Where a picture shows up in the listing below, omit it and output the rest exactly.

**RAW DATA:**

⁂

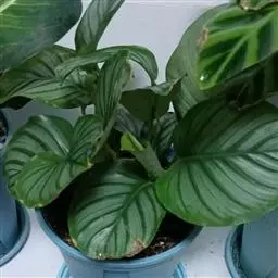 孔雀竹芋 孔雀竹芋喜湿润的环境, 在生长季节应给予充足的水分。若冬季低温休眠,则要控制浇水, 保持盆土不干燥即可,翌春抽出新叶后。再逐渐正常浇水。
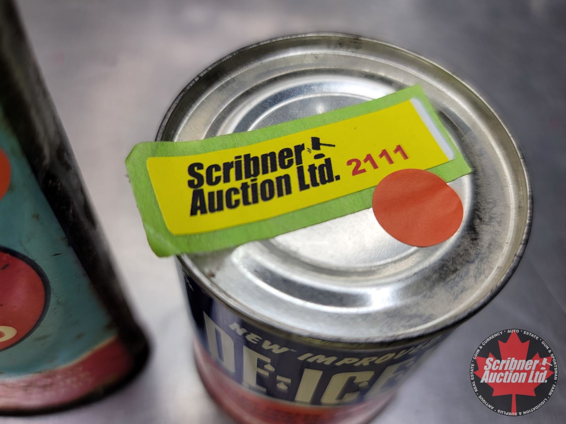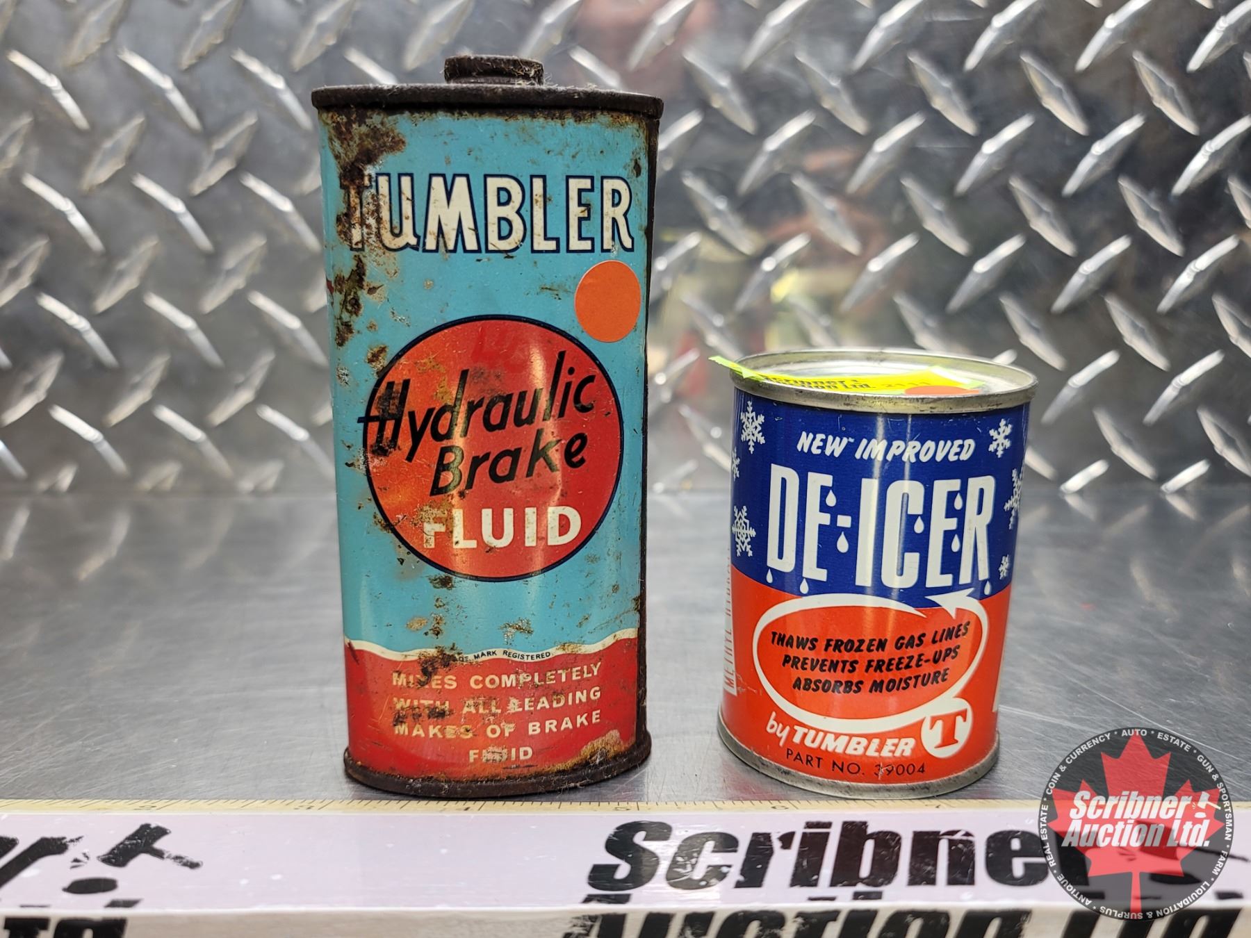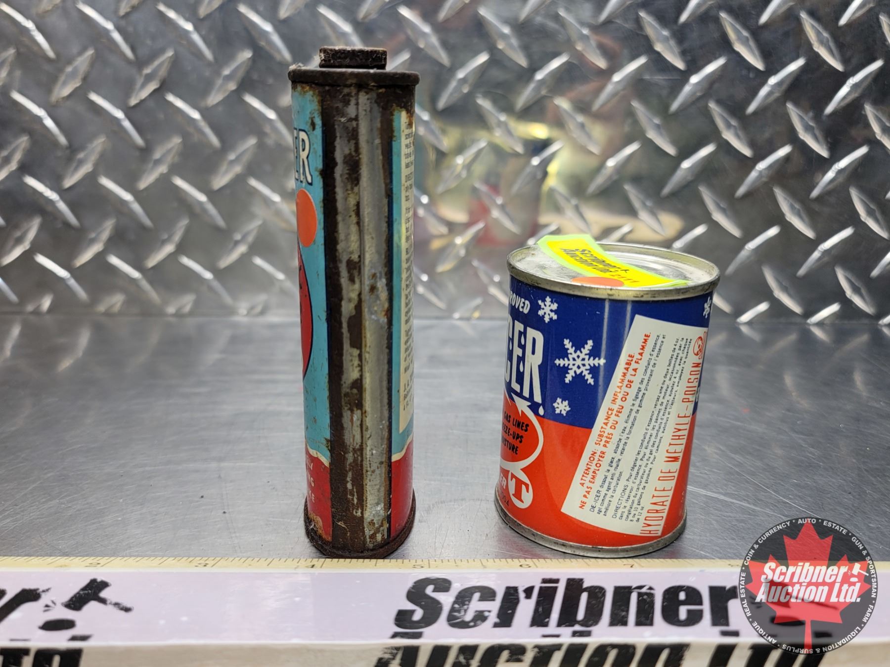 Tumbler Tins (2) : Brake Fluid & De-Icer (Both Full) (Largest Measures : 5"H x 2"W x 1-1/4"D) (SEE PICS!)
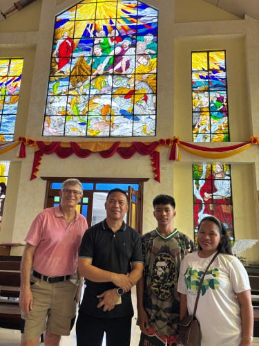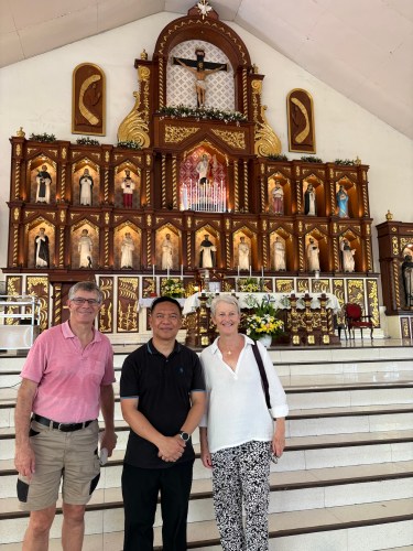 We arrive at the church of “San Lorenzo Ruiz and Companion Martyrs Parish Church” and are given a warm welcome by Delilah and our nephew’s godson JM. We meet the Rector and Parish Priest Rev Fr. Allan V. Lopez, also a Dominican, who had worked with Matthew previously and spends time to show us around the church. The parish was only established in 1982 and the current church building more recent than that with major renovations done following a flooding. It was interesting to see the local features such as the Altar of Saints and some of the, unique to this Church, adornments built into the ceiling that reflected the local culture.

⁂

**ANSWER SPACE:**
 孔雀竹芋 孔雀竹芋喜湿润的环境, 在生长季节应给予充足的水分。若冬季低温休眠,则要控制浇水, 保持盆土不干燥即可,翌春抽出新叶后。再逐渐正常浇水。
 Tumbler Tins (2) : Brake Fluid & De-Icer (Both Full) (Largest Measures : 5"H x 2"W x 1-1/4"D) (SEE PICS!)
 We arrive at the church of “San Lorenzo Ruiz and Companion Martyrs Parish Church” and are given a warm welcome by Delilah and our nephew’s godson JM. We meet the Rector and Parish Priest Rev Fr. Allan V. Lopez, also a Dominican, who had worked with Matthew previously and spends time to show us around the church. The parish was only established in 1982 and the current church building more recent than that with major renovations done following a flooding. It was interesting to see the local features such as the Altar of Saints and some of the, unique to this Church, adornments built into the ceiling that reflected the local culture.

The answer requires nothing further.